## Required action
Once you find the line with "Other: Light medium" in the entries below, print it and each line after it up to and including the line with "全体にベロア調の薔薇(ローズ", exactly, without pictures.

··· Task material

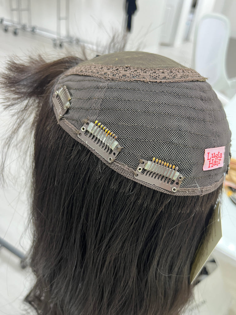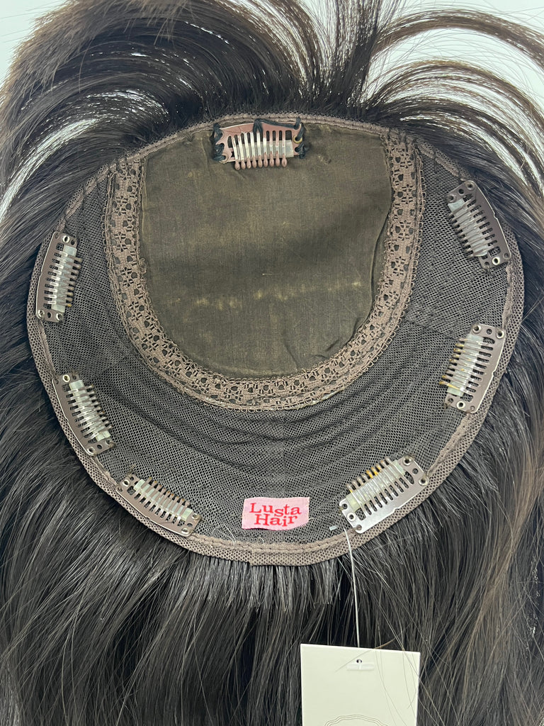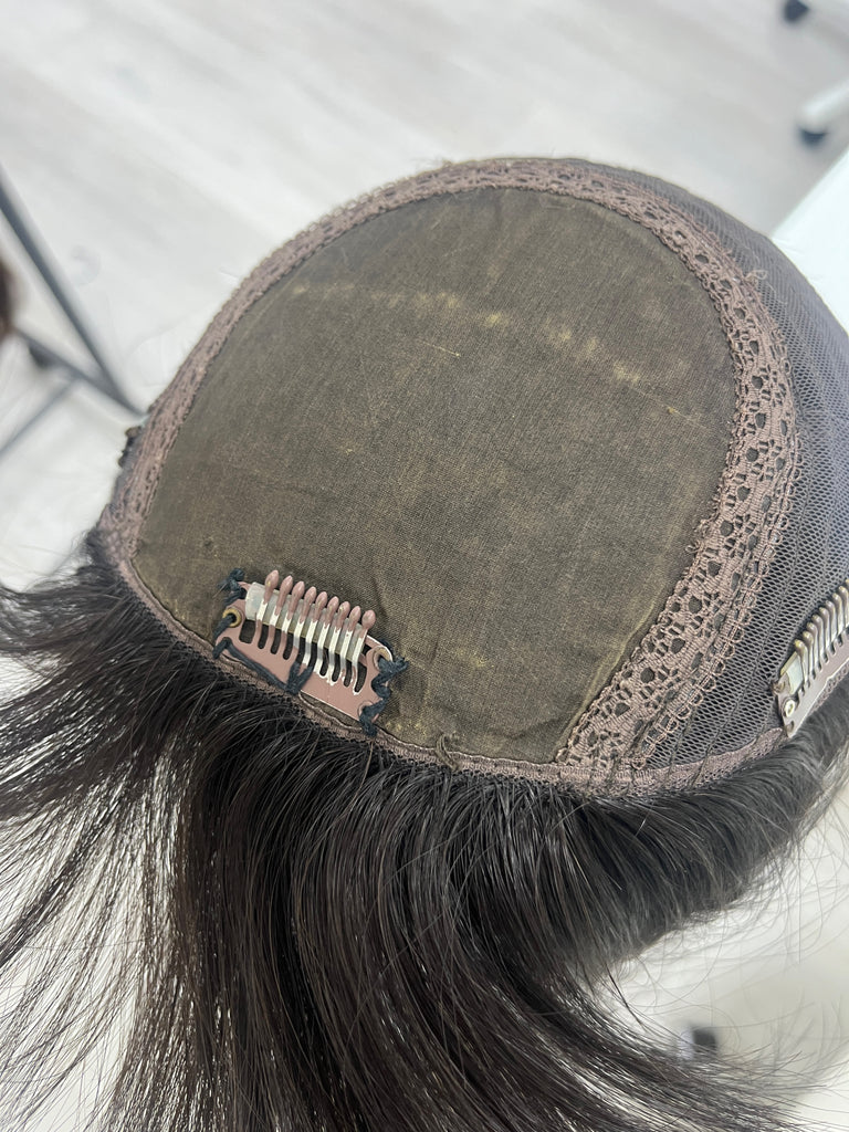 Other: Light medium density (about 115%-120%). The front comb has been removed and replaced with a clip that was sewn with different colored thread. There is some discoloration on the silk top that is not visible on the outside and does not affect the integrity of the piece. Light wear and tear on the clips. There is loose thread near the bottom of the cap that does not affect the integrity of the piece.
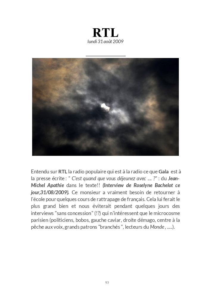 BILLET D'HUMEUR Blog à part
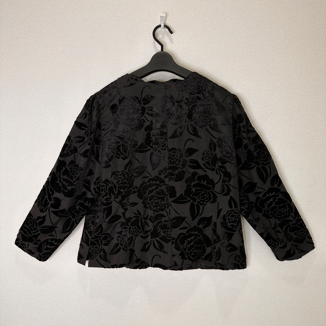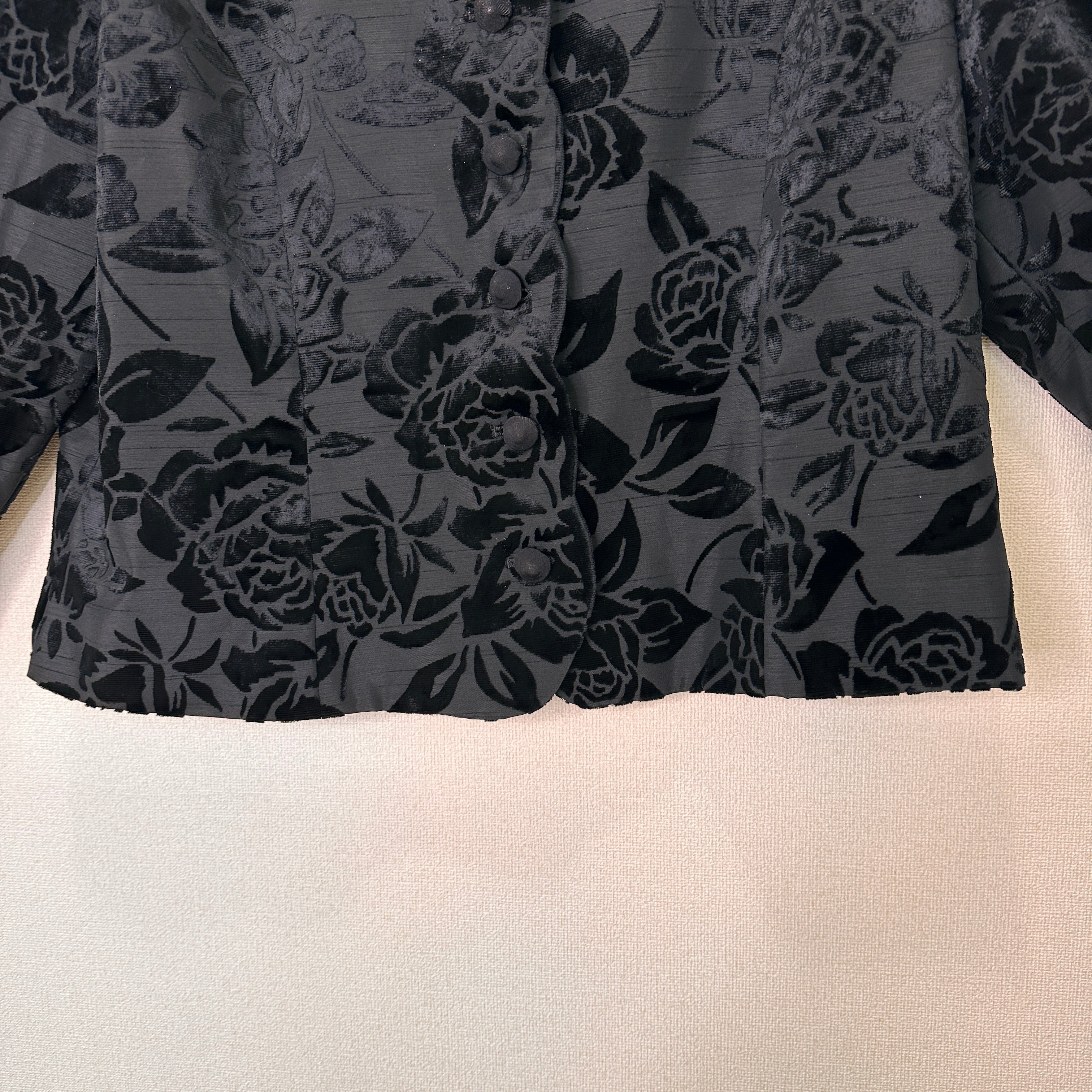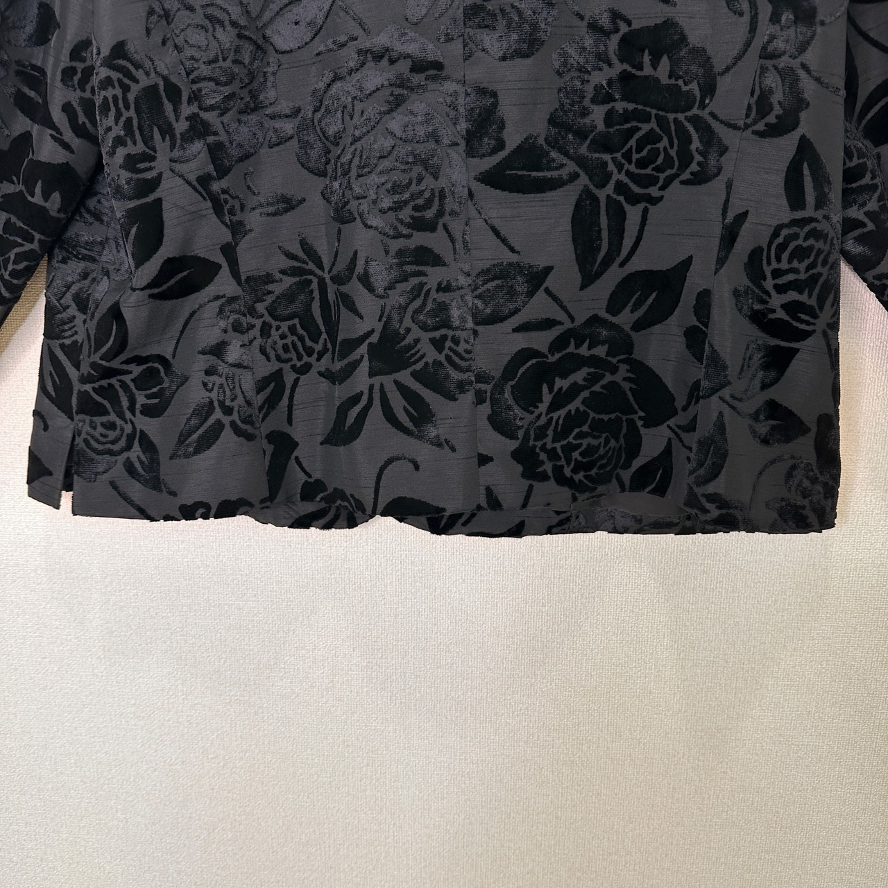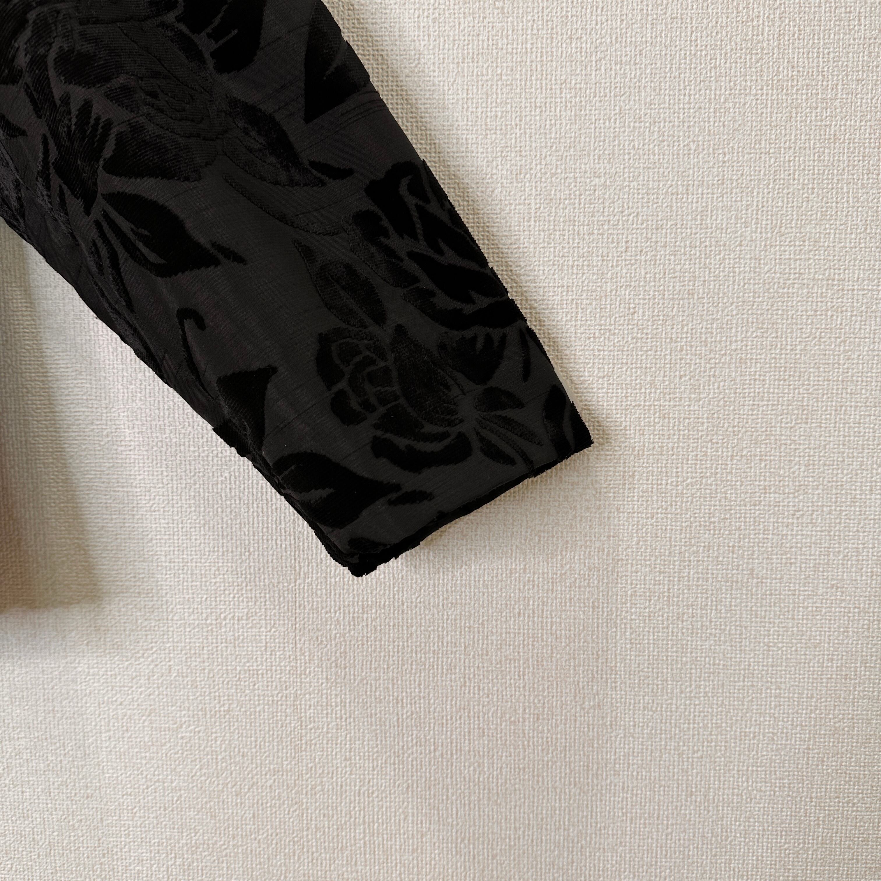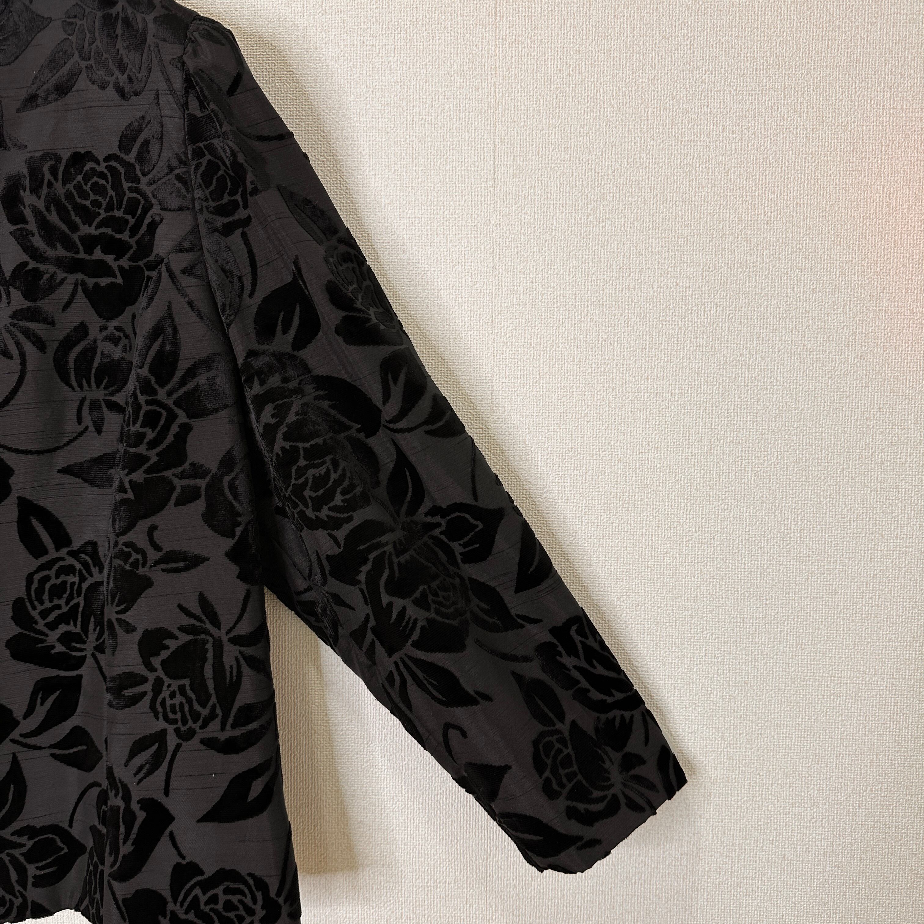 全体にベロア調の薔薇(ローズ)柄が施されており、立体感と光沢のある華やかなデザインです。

······
··· Task material

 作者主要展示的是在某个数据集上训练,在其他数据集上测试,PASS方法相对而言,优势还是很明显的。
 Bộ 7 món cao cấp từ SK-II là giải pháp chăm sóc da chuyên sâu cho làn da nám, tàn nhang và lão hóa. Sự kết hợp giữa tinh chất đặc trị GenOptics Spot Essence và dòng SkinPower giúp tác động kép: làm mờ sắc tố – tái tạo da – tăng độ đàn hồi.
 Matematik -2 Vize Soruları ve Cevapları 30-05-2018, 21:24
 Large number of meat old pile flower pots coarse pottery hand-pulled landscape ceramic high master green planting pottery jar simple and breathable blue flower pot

······
··· Task material

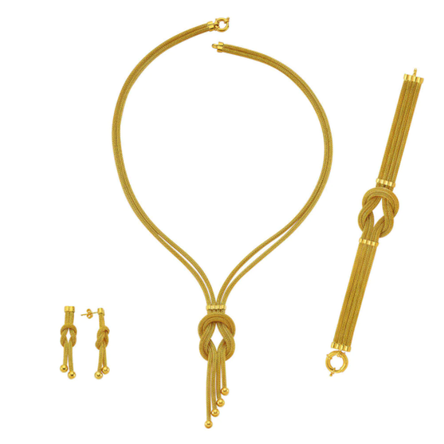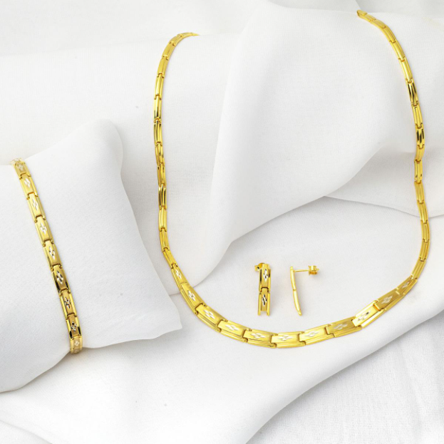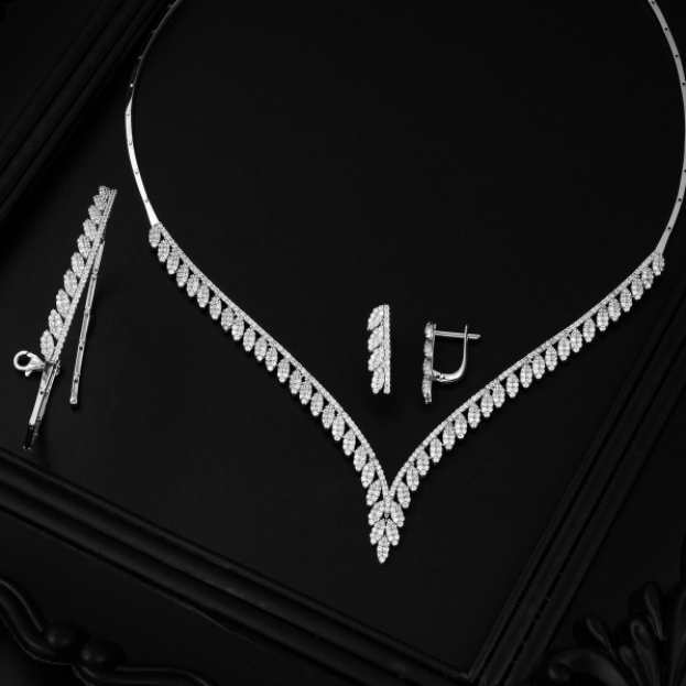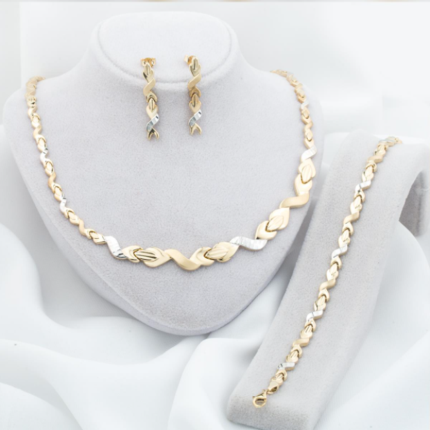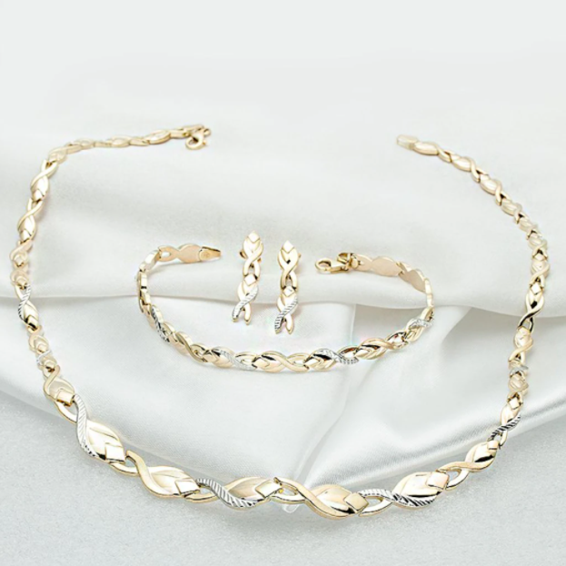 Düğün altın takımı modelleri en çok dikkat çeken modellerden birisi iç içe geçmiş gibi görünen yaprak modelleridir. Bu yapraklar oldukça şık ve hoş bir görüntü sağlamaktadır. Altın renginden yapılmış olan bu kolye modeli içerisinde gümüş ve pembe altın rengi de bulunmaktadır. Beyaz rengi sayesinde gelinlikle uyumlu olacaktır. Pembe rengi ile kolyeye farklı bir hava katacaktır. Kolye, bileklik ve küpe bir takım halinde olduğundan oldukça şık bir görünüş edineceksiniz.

······

## Result of this exercise
 Other: Light medium density (about 115%-120%). The front comb has been removed and replaced with a clip that was sewn with different colored thread. There is some discoloration on the silk top that is not visible on the outside and does not affect the integrity of the piece. Light wear and tear on the clips. There is loose thread near the bottom of the cap that does not affect the integrity of the piece.
 BILLET D'HUMEUR Blog à part
 全体にベロア調の薔薇(ローズ)柄が施されており、立体感と光沢のある華やかなデザインです。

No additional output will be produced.